In 1874, she married the Rev. Daniel Merriman, and they had a son, Roger Bigelow Merriman, who became a historian.

==Worcester Museum==
Merriman and her husband settled in Worcester, Massachusetts, in 1878, where he served as minister at the Central Congregational Church. She was active in the newly formed Worcester Art Society, giving lectures and contributing works for exhibition from her personal collection of European and American art. She was also involved with the Worcester Art Students Club, which exhibited some of her own paintings.

Merriman and her husband were among the founders of the Worcester Art Museum, giving a large donation and serving as trustees and members of the board. Merriman also served on several committees related to the museum's educational mission and helped bring the Boston Impressionist painter Philip Leslie Hale out to the museum to oversee its studio art courses. She led the museum's early efforts to build its collection and lent or donated a number of works including pieces by Pierre Subleyras, Paulus Moreelse, Edmund Tarbell, and Arthur B. Davies. Merriman was a champion of women artists, and it was through her that the museum acquired or exhibited works by Sarah Wyman Whitman and Cecilia Beaux.

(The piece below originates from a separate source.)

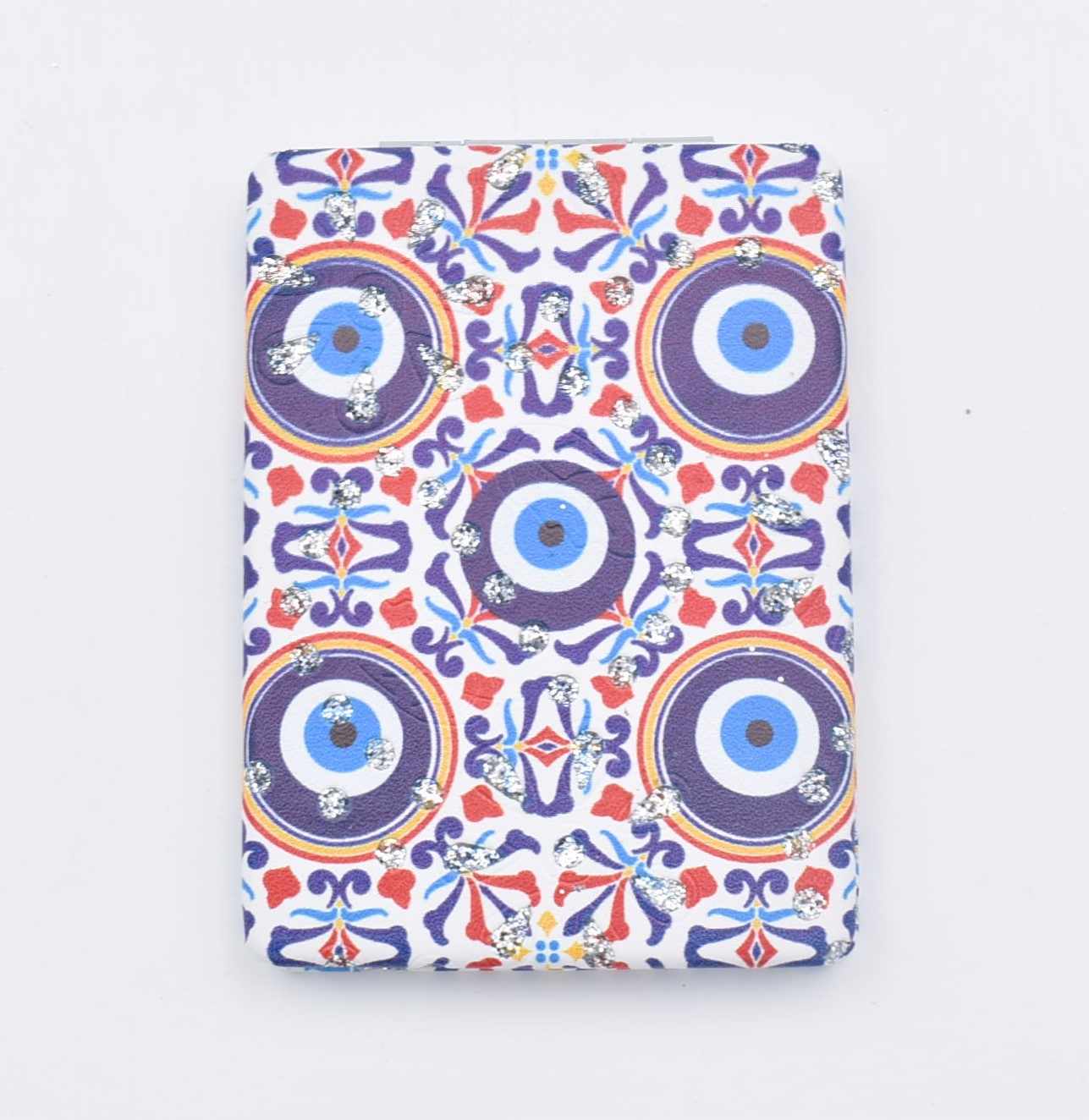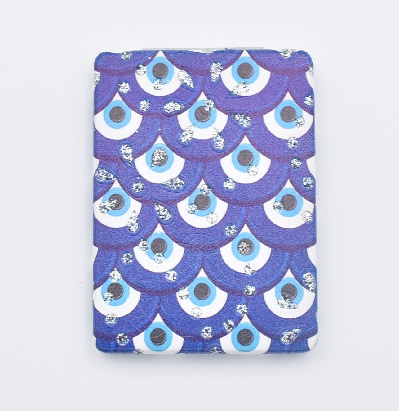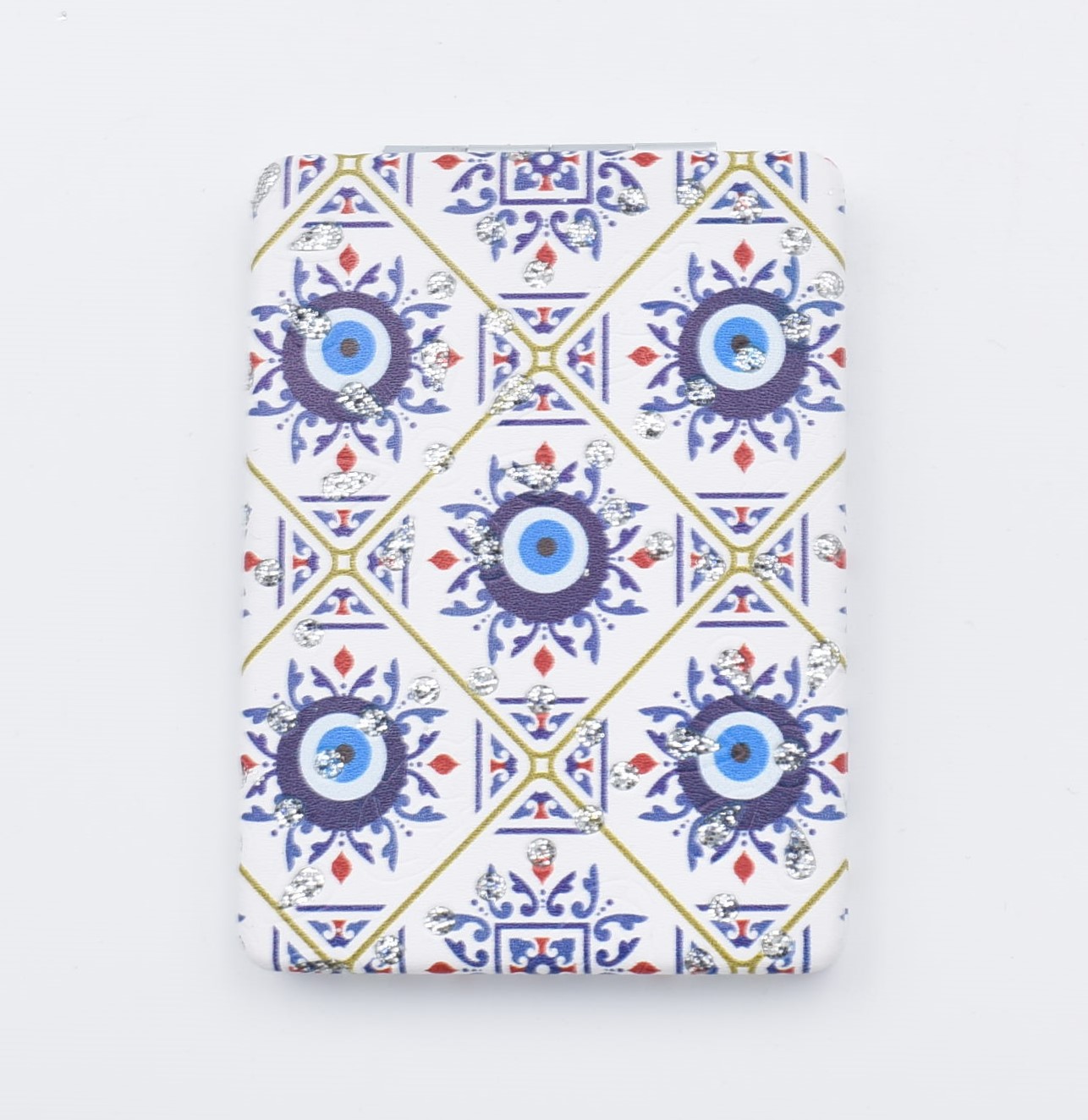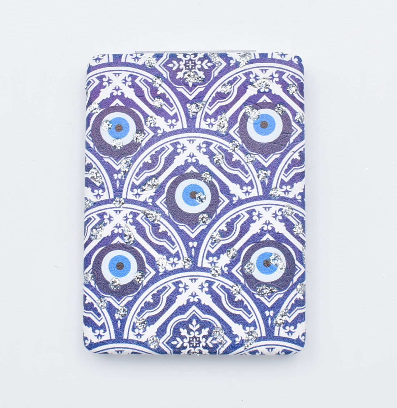 Κομψό ορθογώνιο καθρεπτάκι τσέπης με μοντέρνο σχέδιο “μάτι” σε αποχρώσεις του μπλε και του λευκού.

Merriman stepped down from her positions at the museum in 1922–23. By the time of her death a decade later, the Worcester Art Museum had evolved into a respected museum, in no small part due to Merriman's early efforts on its behalf.

==Publications==
Merriman wrote several books about art and spirituality, including What Shall Make Us Whole?: Or, Thoughts in the Direction of Man's Spiritual and Physical Integrity (1888), The Perfect Lord (1891), Concerning Portraits and Portraiture (1891), and Religio Pictoris (1899). Religio Pictoris explores the relationship between art and religion and attempts to demonstrate a fundamental unity between the material and spiritual dimensions of life. Among the subjects discussed in Concerning Portraits and Portraiture is the working process of artist Abbott Thayer, who had painted a portrait of Merriman the year before.

==Paintings==
Merriman's portrait of her friend Sarah Wyman Whitman is now in the Schlesinger Library at the Radcliffe Institute for Advanced Study.

==Other philanthropy==
Merriman donated land and money to found Memorial Hospital in North Conway, New Hampshire, in 1911. She also served as president of the North Conway Public Library.